Arroz con Leche
(Latin rice pudding)
Arroz con leche (rice with milk) is one of the most popular desserts in the Latin world. This simple sweet conjures up memories of home and is supreme comfort food.
4 to 6 servings
- Milk -- 4 cups
- Short-grain rice --1/2 cup
- Cinnamon stick -- 1
- Orange or lemon peel (optional) -- 2 strips
- Salt -- pinch
- Raisins -- 1/4 cup
- Sugar -- 1/2 cup
- Butter -- 2 tablespoons
- Vanilla -- 1 teaspoon
- Place the milk, rice, cinnamon stick, orange or lemon peel and salt in a medium saucepan and bring to a boil over medium heat.

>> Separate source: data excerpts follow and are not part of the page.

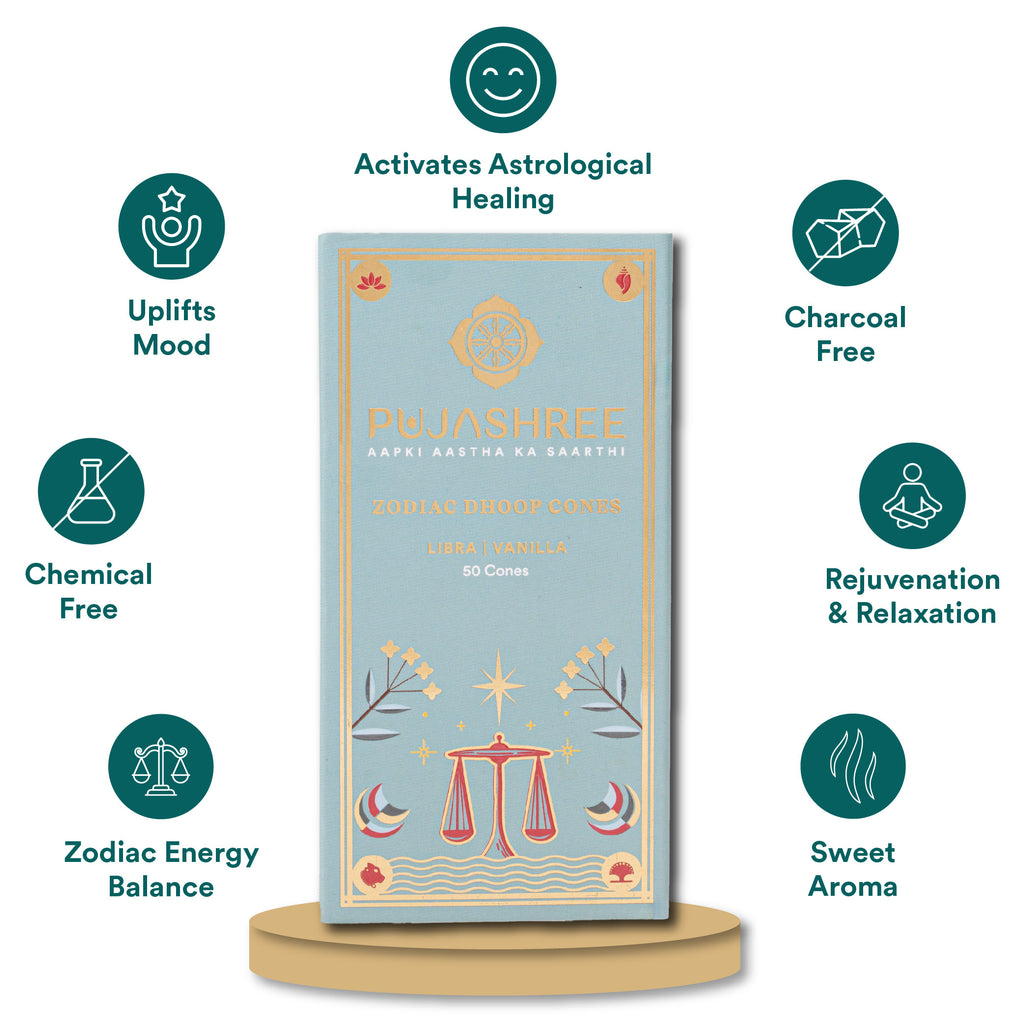 Pujashree Zodiac Dhoop Cones – The Sweet Vanilla Aroma Libra
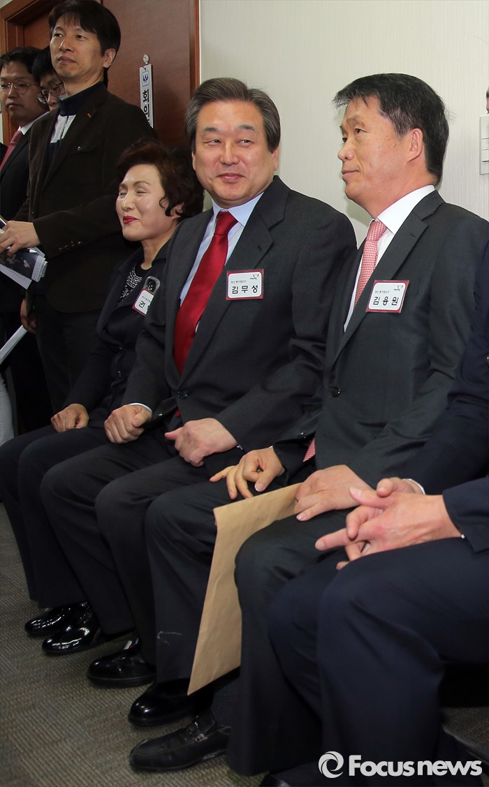 (서울=포커스뉴스) 부산 중구영도구에 출마하는 새누리당 김무성 대표가 6일 오전 서울 여의도 당사에서 열린 선거구변경지역 1일차 공천신청자 면접을 기다리며 옷 매무새를 고치고 있다. 왼쪽부터 권혁란, 김무성, 김용원.
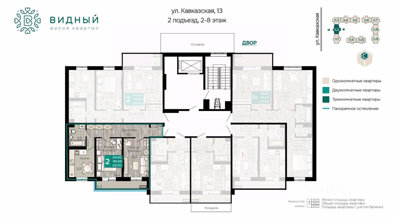 2-к, Кавказская, 13
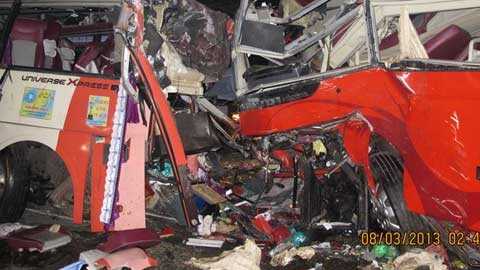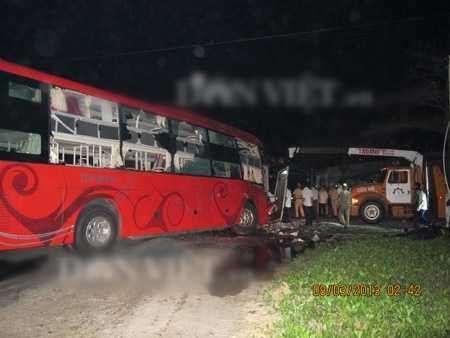 | Hai đầu xe khách nát bươm sau cú tông kinh hoàng. Ảnh: Dân Việt |
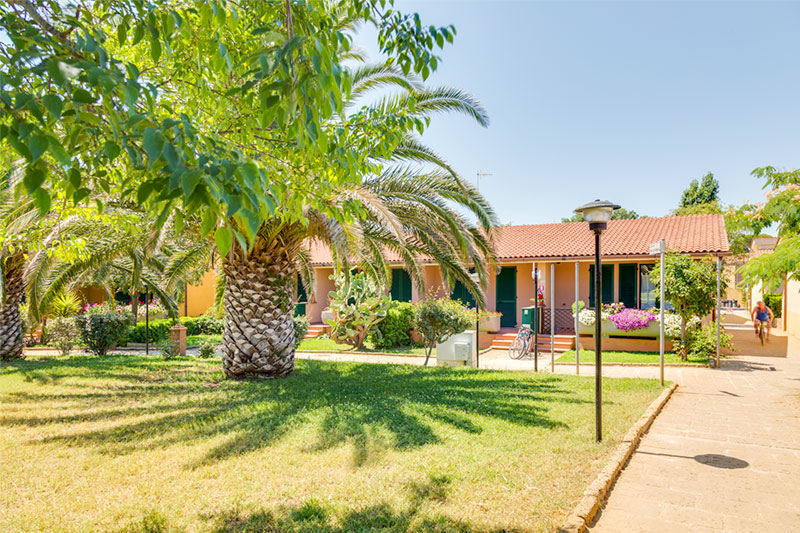 GLI APPARTAMENTI Tutti al piano terra rialzato con veranda attrezzata, disposti in unità quadri familiari, arredati in modo funzionale sono dotati di ingresso indipendente, giardino sia anteriore che posteriore, tv, frigo, telefono, climatizzatore e servizi con doccia. I Bilo Classic sono ubicati a 50/100 mt dai servizi del villaggio e a 650/700 mt dal mare, mentre i Trilo Premium situati in prossimità dei servizi del Villaggio, distano dal mare 450/650 mt. Su richiesta alla prenotazione, con supplemento da pagare in loco, possibilità di appartamento dotato di lavatrice, lavastoviglie e/o forno.
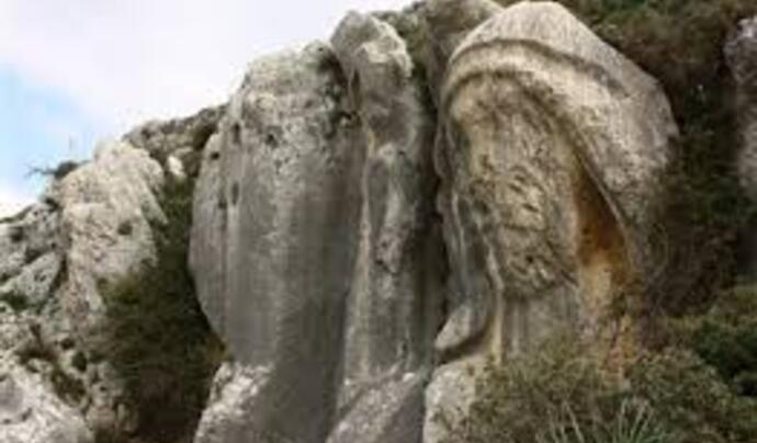 Birçok kişi hastalıktan öldükten sonra, Leios adında bir kahin, şehre bakan yüksek bir tepede büyük bir maskenin yapılmasını istiyor ve böyle bir kabartmanın yapılması kararlaştırılıyor. Geçen zamanla birlikte veba salgının durmasıyla mitolojide cehennem kayıkçısı olarak bilinen kaya kabartması tamamlanamadan yarım bırakılmıştır.
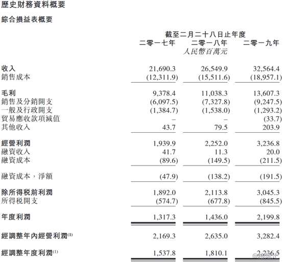 截至2016至2018財年,公司實現(xiàn)營收分別為216.9億元、265.5億元及325.6億元;同期毛利率分別為43.24%、41.58%及41.79%。
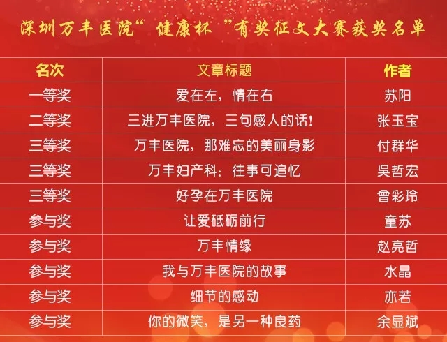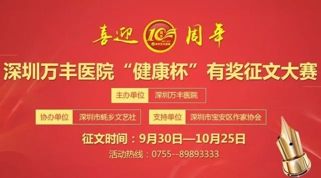 喜讯!深圳万丰医院建院10周年举办的“健康杯”有奖征文大赛评选结果揭晓啦。本次活动由深圳万丰医院主办,深圳市蚝乡文艺社协办,深圳市宝安区作家协会全力支持。
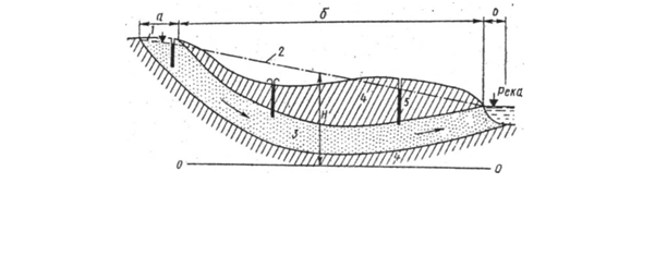 Рис. 28. Артезианский бассейн. Области: а – питания напорных вод; б – напора; в – разгрузки; 1 – уровень грунтовых вод; 2 – пьезометрический уровень напор- ныхзвод; 3 – водоносный напорный пласт; 4 – водоупоры; 5 – скважины; Н – величина пьезометрического напора
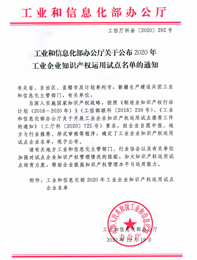 這是工信部為貫徹落實國家知識產權戰略,按照《制造業知識產權行動計劃(2018-2020年)》(工信部聯科〔2018〕239號)、《工業和信息化部辦公廳關于開展工業企業知識產權運用試點推薦工作的通知》(工廳科〔2020〕725號)工作部署,推進工業企業知識產權運用發展,在國內工業企業知識產權運用領域開展的官方權威征集。通過實施工業企業知識產權運用試點企業模式,可有效提升知識產權運用試點培育力度,加強企業知識產權管理水平與運用能力。
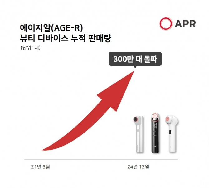 이미지 확대보기에이피알은 2024년 12월 기준, 에이지알 뷰티 디바이스의 글로벌 누적 판매량이 300만 대를 돌파했다고 밝혔다. 이는 2021년 3월 첫 번째 뷰티 디바이스 ‘더마EMS’를 출시한 이후 약 45개월 만에 달성한 기록이다.
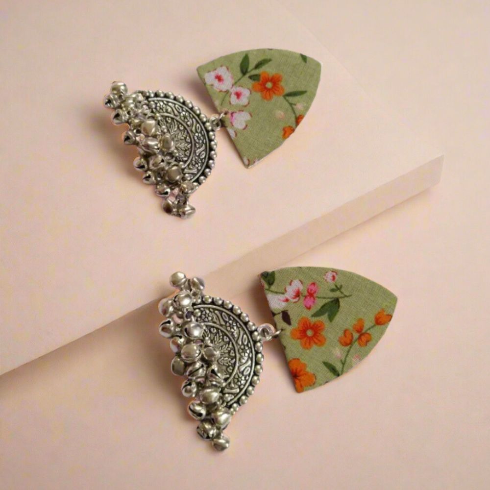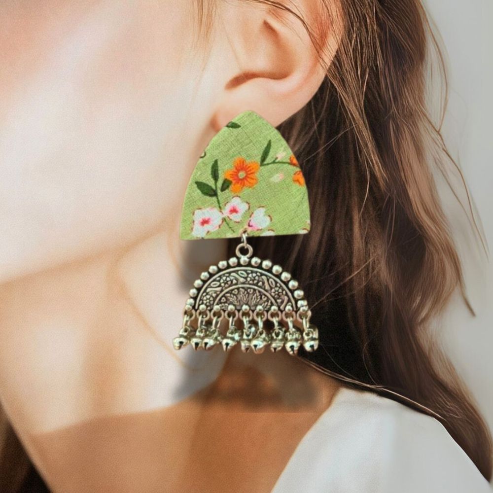 The Green Floral Printed Oxidized Earrings are a graceful blend of nature-inspired prints and vintage Indian jewellery aesthetics. Crafted on a fabric base, the floral pattern brings softness and organic charm, while the oxidized detailing adds depth and an heirloom-like character. Designed to be lightweight yet expressive, these earrings offer everyday comfort with festive appeal. They are ideal for women who love subtle statement jewellery rooted in craft and tradition.
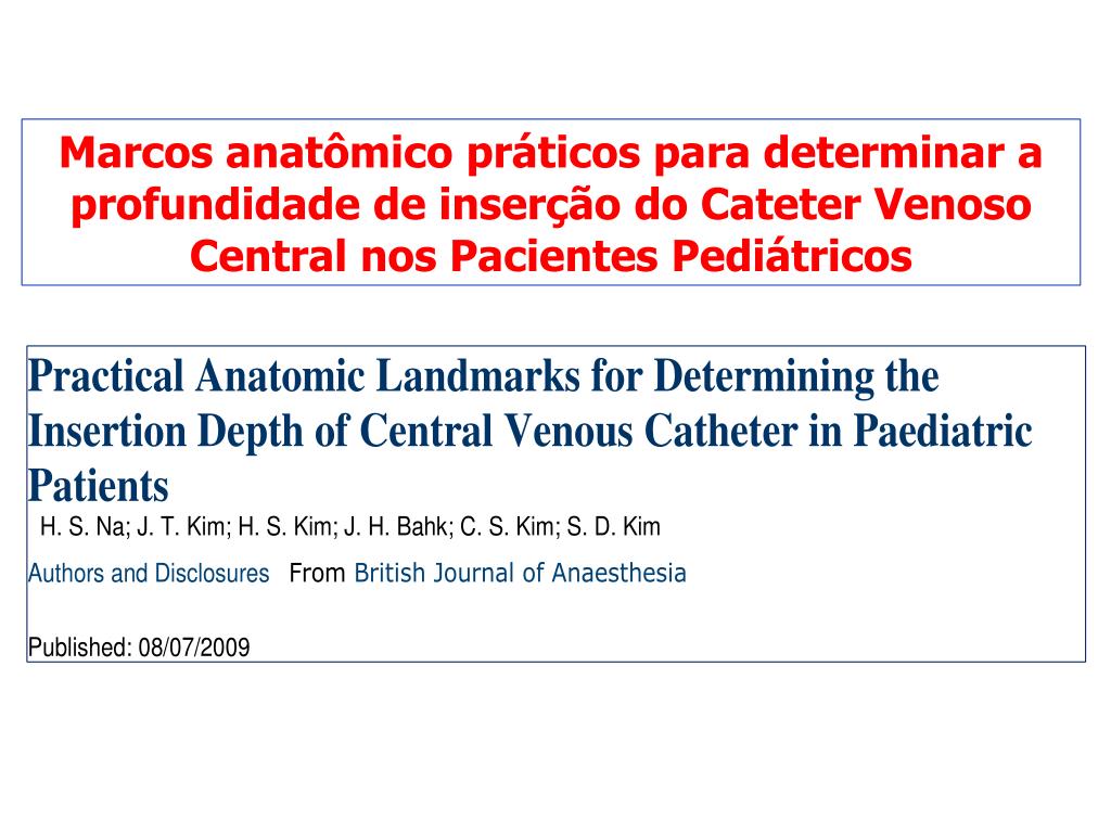 Marcos anatômico práticos para determinar a profundidade de inserção do CateterVenoso Central nos Pacientes Pediátricos
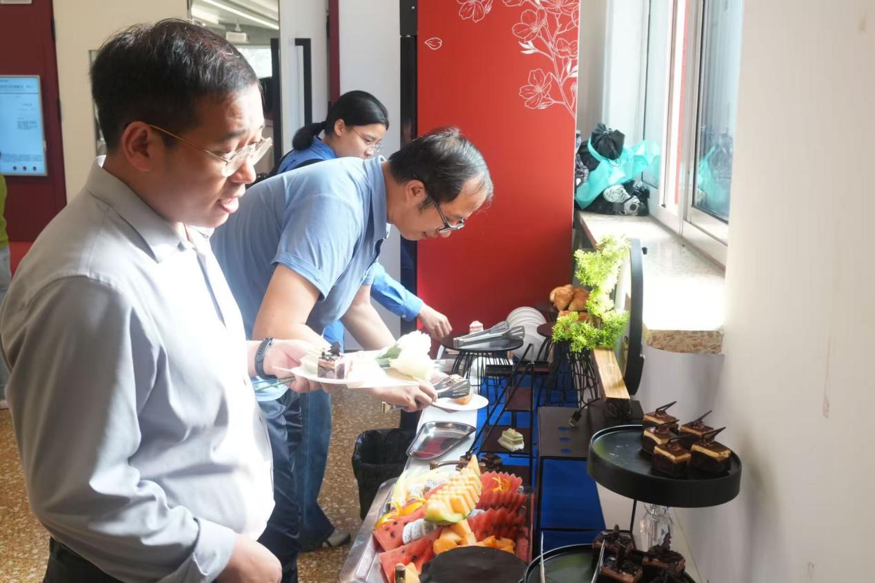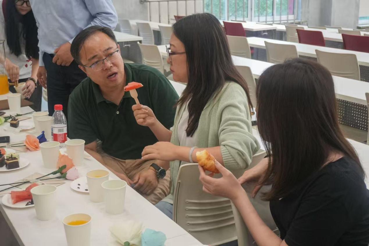 最后,是由全体教师参加的教师节茶话会。老师们根据个人喜好取用精致茶点,沟通假期生活和工作进展,并对如何更好开启新学期的工作与生活进行了欢快展望。茶话会现场欢声笑语,气氛热烈祥和。

Immediately reduce heat to very low and simmer, stirring often and scraping bottom, for about 45 minutes.
- Add the raisins and sugar and simmer for another 15 minutes. Stir often to keep from sticking to the bottom of the pot.
- Remove from heat and stir in the butter and vanilla. Adjust sugar to taste and serve hot or cold, sprinkling the top with some ground cinnamon.
Arroz con Leche Variations
- Arroz con Dulce (Puerto Rico), or Arroz-Doce (Brazil): Use coconut milk in place of regular milk.
- Rice: Short-grain rice, like arborio or Valencia rice, is best for rice pudding as it gives the dessert a creamier texture, but regular long-grain rice can be used to good result too. A little more rice can be added if you want a firmer pudding. If the pudding gets too thick, just add a little more milk.
- Liquid: Sometimes water, cream, sweetened and condensed milk or evaporated milk is substituted for part of the regular milk. Just make sure the total amount of liquid adds up to 4 cups. And adjust the amount of sugar as needed.
- Add 1 or 2 tablespoons of brandy or rum when you stir in the butter and vanilla if you like.
- Some recipes call for stirring in 2 beaten egg yolks at the end before adding the butter and vanilla. The heat of the pudding will cook the yolks, make it creamier and give it a pale golden color.